For tourists, the holy trinity is onion soup, escargots and boeuf bourguignon, but many will also come for the couscous. This chapter on the 11ème is perhaps the most interesting as well as the most politically charged as it deals with France’s tortured relationship with her former colonial subjects. Philippe, who is North African Jewish, tries to explain it: ‘When we talk about North African assimilation into France, it’s not even like there’s only one kind of North African we’re talking about.’ Furthermore, the seemingly traditional couscous royal served in the city’s Algerian restaurants was created by the pied noir, European settlers in Algeria who fled to mainland France in the 1950s and 1960s. At the end of the chapter, Newens cooks a recipe for Shabbat couscous given to him by a Jewish Tunisian lady – a relic of an ancient community that is dying out.

Though the possibility of Marine Le Pen becoming president looms over the final chapter, this is largely an optimistic book. He doesn’t ask the Israelis behind L’As du Fallafel in Le Marais how comfortable they are in a city which sees pro-Palestine protests on a regular basis as well as outbreaks of antisemitic violence from some militant members of the Muslim minority.

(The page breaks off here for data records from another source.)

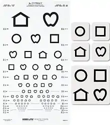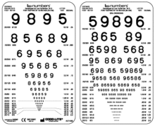 يعتبر الاختبار الثاني في الترتيب الذي استحدث بعد اختبار الأشكال "لي". يمكن من خلال هذا الاختبار قياس حدة النظر للأطفال والبالغين. تصميم هذا الاختبار يشبه إلى حد ما اختبار جدول "سنلن" التقليدي المستخدم في قياس حدة النظر. في هذا الاختبار يتم تصغير حجم خطوط الأرقام من أعلى إلى أسفل الصفحة لكي يقوم الطفل بقراءة أصغر خط ممكن.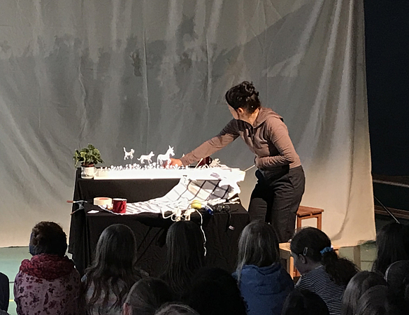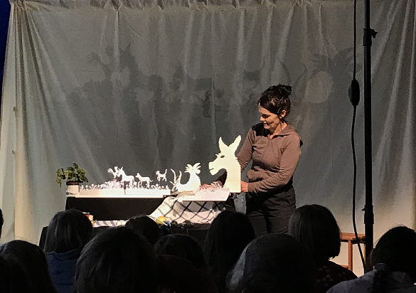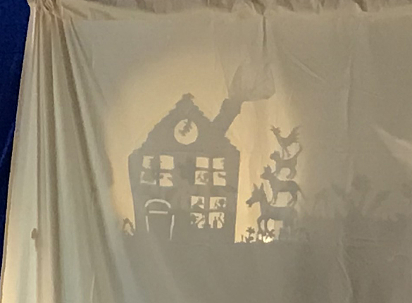 Die erzählte Geschichte der Bremer Stadtmusikanten wurde dabei mit einem Schattentheater und Stabpuppen inszeniert und von Klaviermusik begleitet. So gelang es dem Ensemble, unsere Schüler:innen in den Bann der Geschichte zu ziehen und sie für das Schattentheater zu begeistern!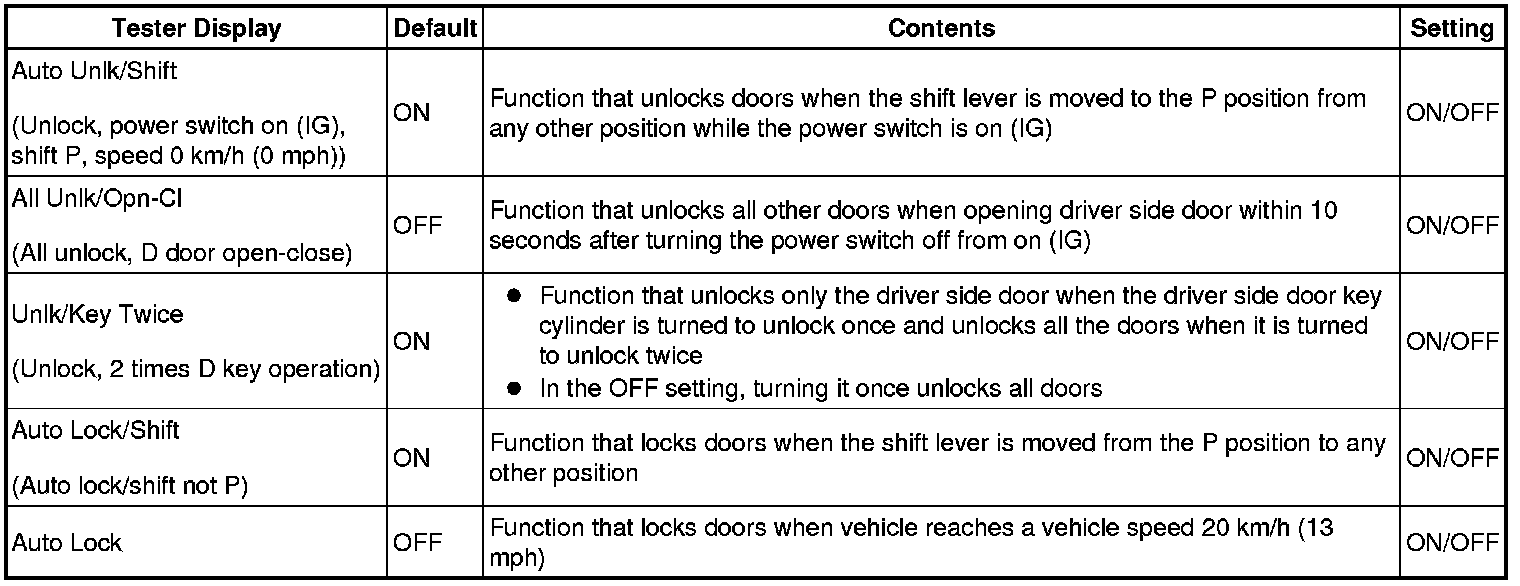 DOOR LOCK: POWER DOOR LOCK CONTROL SYSTEM: CUSTOMIZE PARAMETERS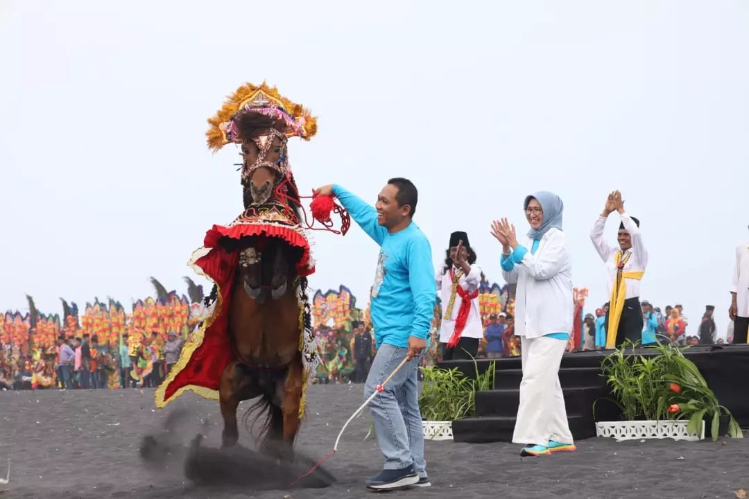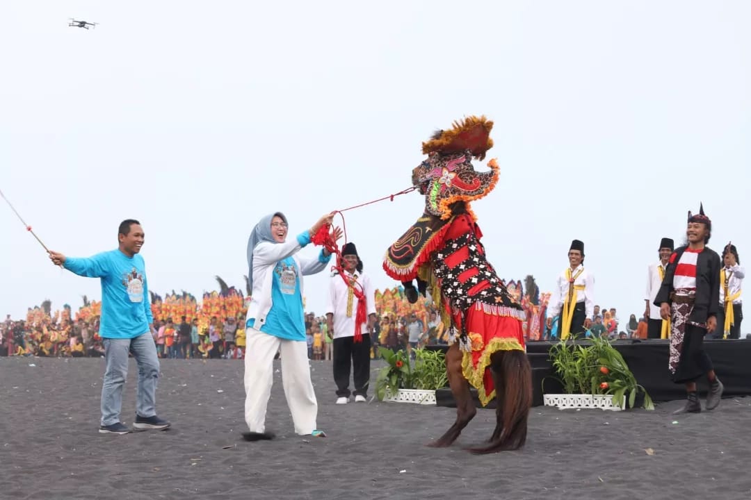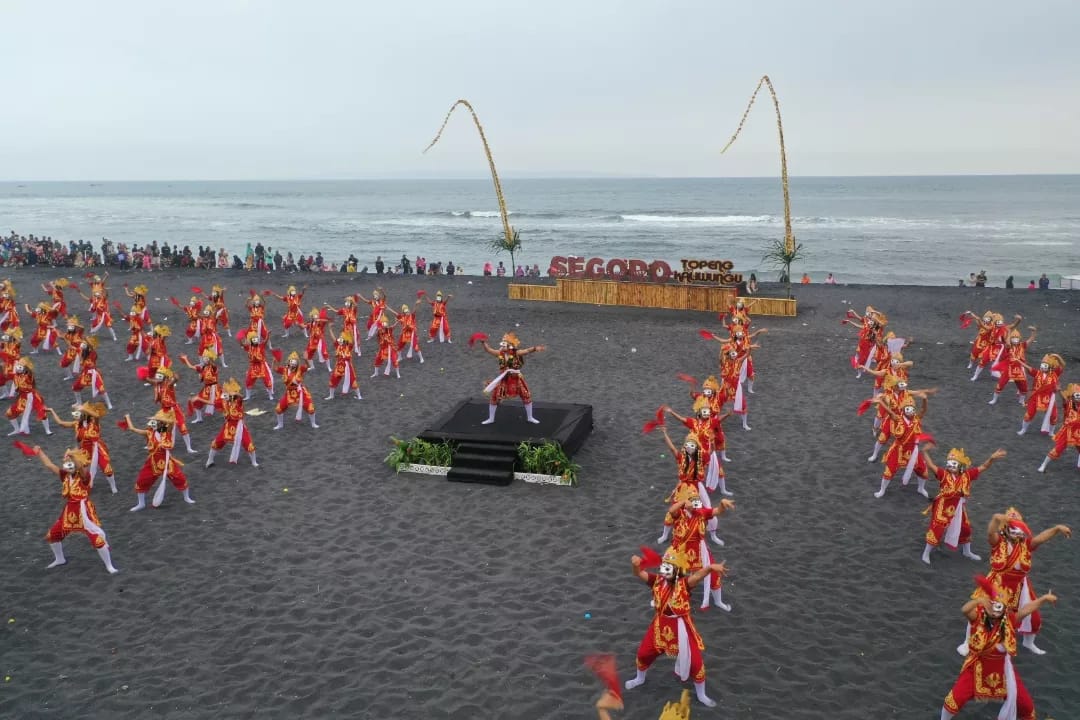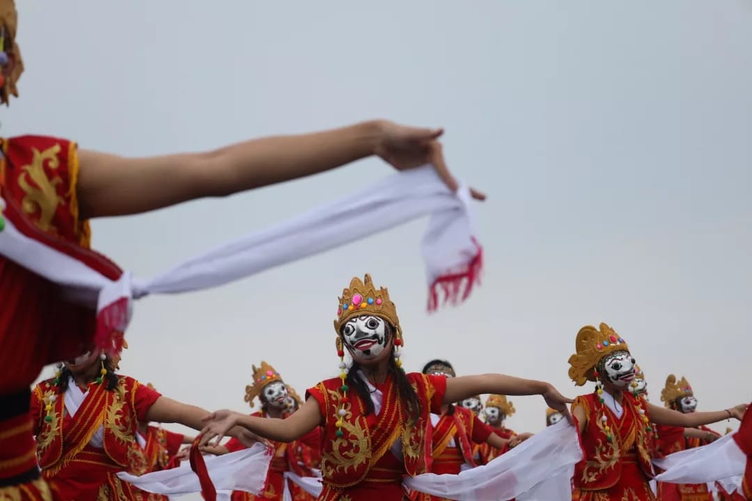 Sebanyak 500 penari Topeng Kaliwungu dan 50 Jaran Kencak memberikan suguhan pertunjukan spektakuler pada gelaran South Beach Festival Segoro Topeng Kaliwungu, yang diselenggarakan di Pantai Watu Pecak Kabupaten Lumajang, Minggu (25/6/2023).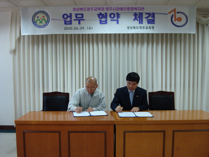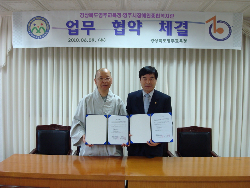 -본 복지관 관장님이신 도륜스님과 영주교육청 박상오 교육장님 협약서에 서명하시는 모습-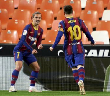 巴塞罗那的安托万·格里兹曼(Antoine Griezmann)和梅西(Lionel Messi)在西甲联赛第二场对瓦伦西亚的进球后庆祝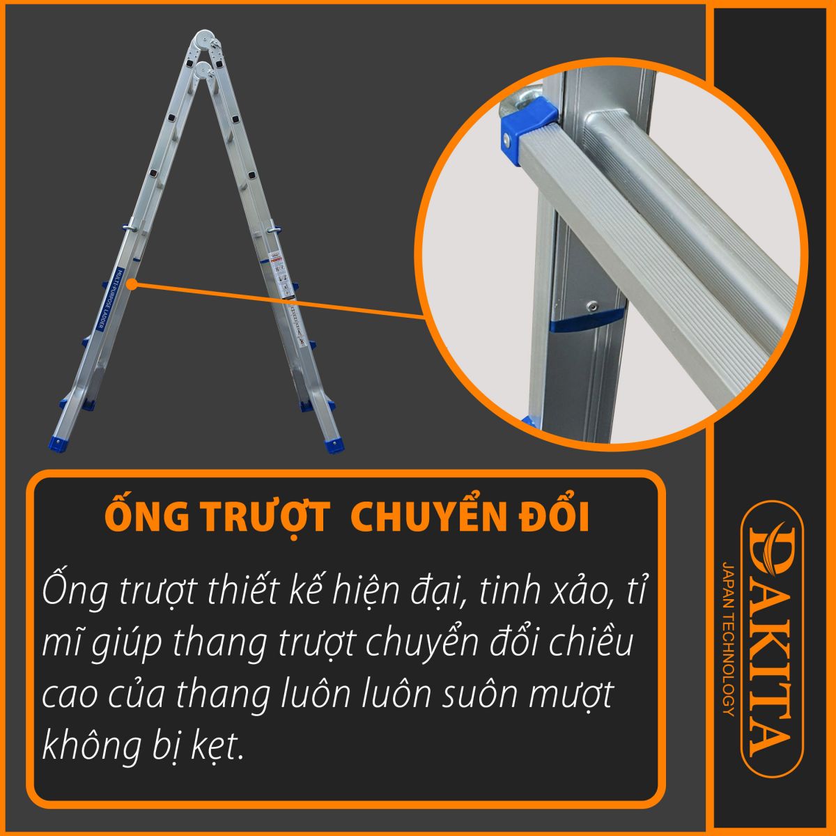 + Thang DKT-405A có thiết kế linh hoạt, chuyển đổi dễ dàng thành thang chữ A, thang chữ I kéo dài bằng nút khoá bản lề tự động ở 2 bên thang.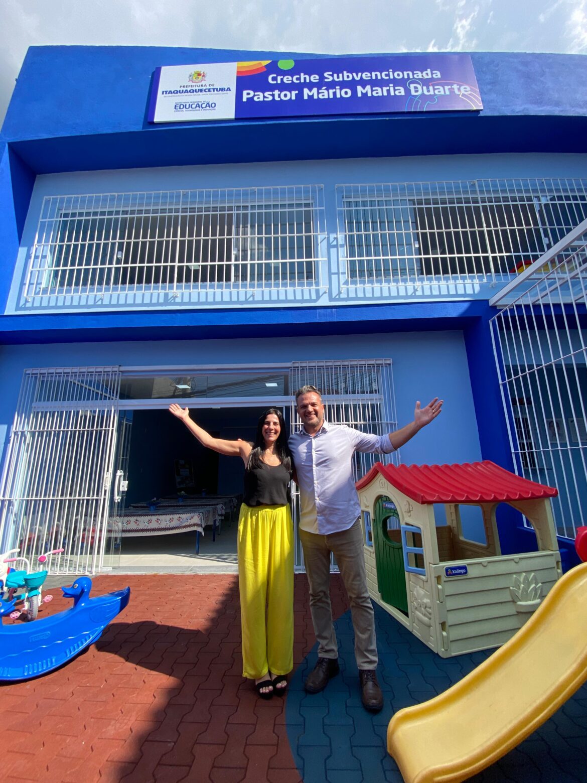 A Prefeitura de Itaquaquecetuba reinaugurou a Creche Pastor Mário Maria Duarte, no Parque Piratininga, a segunda unidade entregue no bairro em uma semana. A creche, que tinha capacidade para 77 crianças, passa a atender 135 estudantes de 0 a 3 anos e 11 meses. A novidade foi divulgada durante uma cerimônia na quinta-feira (14), que contou com a presença do prefeito Eduardo Boigues, secretários, vereadores, familiares do patrono e munícipes. Uma homenagem foi realizada pela equipe e crianças da creche, além da entrega de lembrancinhas.A escola possui três salas de aula, dois berçários, espaço coberto com brinquedos, parque ao ar livre, refeitório, cozinha, despensa, pátio, secretaria, copa, almoxarifados, banheiros, espaço para banho com trocador, área de serviço e elevador para crianças com deficiência.“Parte da escola funcionava em um porão e hoje estamos entregando um espaço digno, totalmente novo porque as crianças merecem desenvolver suas potencialidades da maneira correta. Estou muito feliz pela segunda escola que entregamos no Piratininga em apenas uma semana”, destacou a secretária de Educação, Maria Cristina Perpétuo.“A parceria com a iniciativa privada faz grande diferença para a prefeitura e essa unidade subvencionada foi uma conquista para a nossa Educação. Tenho certeza que as mães e, principalmente, as crianças vão amar cada detalhe da creche”, finalizou o prefeito.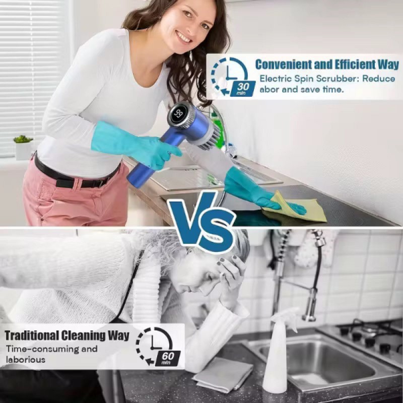 Profesyonel 5’i 1 Arada Şarjlı Temizlik Fırçası, ev temizliğini zahmetsiz ve pratik hale getirmek için tasarlanmış çok yönlü bir temizlik yardımcısıdır. Kablosuz kullanım özelliği sayesinde hareket özgürlüğü sunan şarjlı temizlik fırçası, uzun süreli kullanım imkanı ile günlük temizlik ihtiyaçlarını karşılamaya yardımcı olur. 3 kademeli ayarlanabilir güç seviyesi sayesinde farklı yüzeylerde kontrollü temizlik sağlayan ayarlanabilir temizlik aparatı, LED ekranı ile kademe göstergesini net şekilde takip etmenizi sağlar. Değiştirilebilir 5 farklı başlık seçeneği bulunan 5’i 1 arada temizlik fırçası, sünger, fırça ve tel başlık alternatifleri ile mutfak, banyo, lavabo, fayans ve zor lekeli yüzeylerde etkili temizlik sunar. Ergonomik tutma sapı ile rahat kavrama sağlayan ürün, detaylı temizlik gerektiren alanlarda pratik ve kontrollü kullanım avantajı sunar.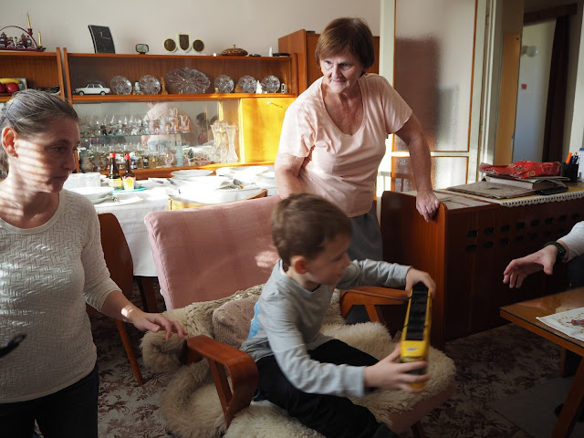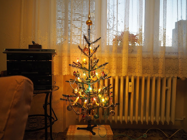 sešli jsme se zase u babičky a dědečka. Tím, že se tam za těch „sát“ let nic nezměnilo, je tam stále mé dětství. Stromeček je stále stejný, jen poloviční. Kdyby to totiž bylo na taťkovi, stromeček by žádný nebyl. Tak si mamka prosadila polovinu :-)) …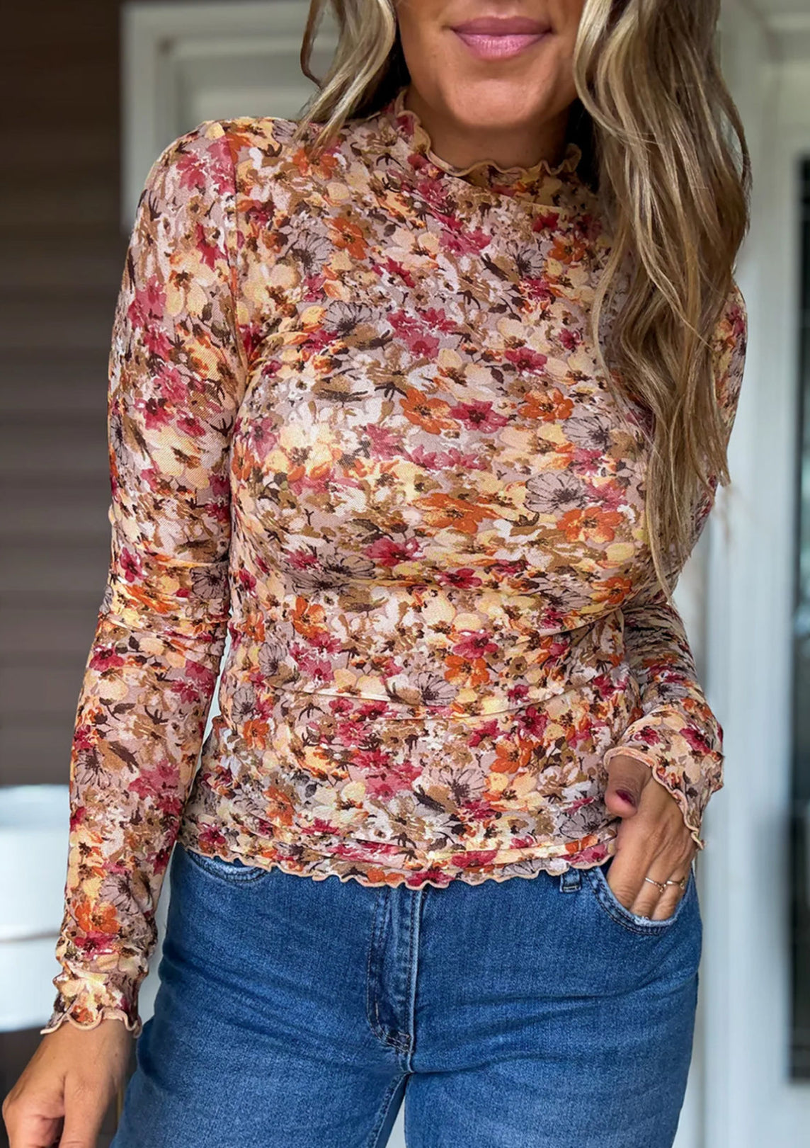 This sheer long sleeve top is lightweight and layered with charm.

Historians such as Andrew Hussey, author of the brutal The French Intifada, have pondered whether France might be on the verge of civil war. There’s an ominous parallel when Newens meets a refugee from Sri Lanka, an immigrant group which plays a vital role in keeping tourists in steak frites and œuf mayonnaise: ‘The colonisers [the British] came up with a policy to ship Tamil men from Southern India to bolster Sri Lanka’s labour force and in doing so unnerved the island’s more populous Sinhalese community and sowed the seeds for thirty years of civil war.’

I hope that Newens’ portrait of a city of many different parts rubbing along together through a shared love of food is the more accurate and prescient one. It’s certainly a wonderful read: a history of food, a travelogue, a recipe book and an anthropological study all in one, and the best book by an expat on France since Edward Chisholm’s A Waiter in Paris. If you’re visiting Paris anytime soon and intending to eat well, then you can’t do without a copy of Moveable Feasts.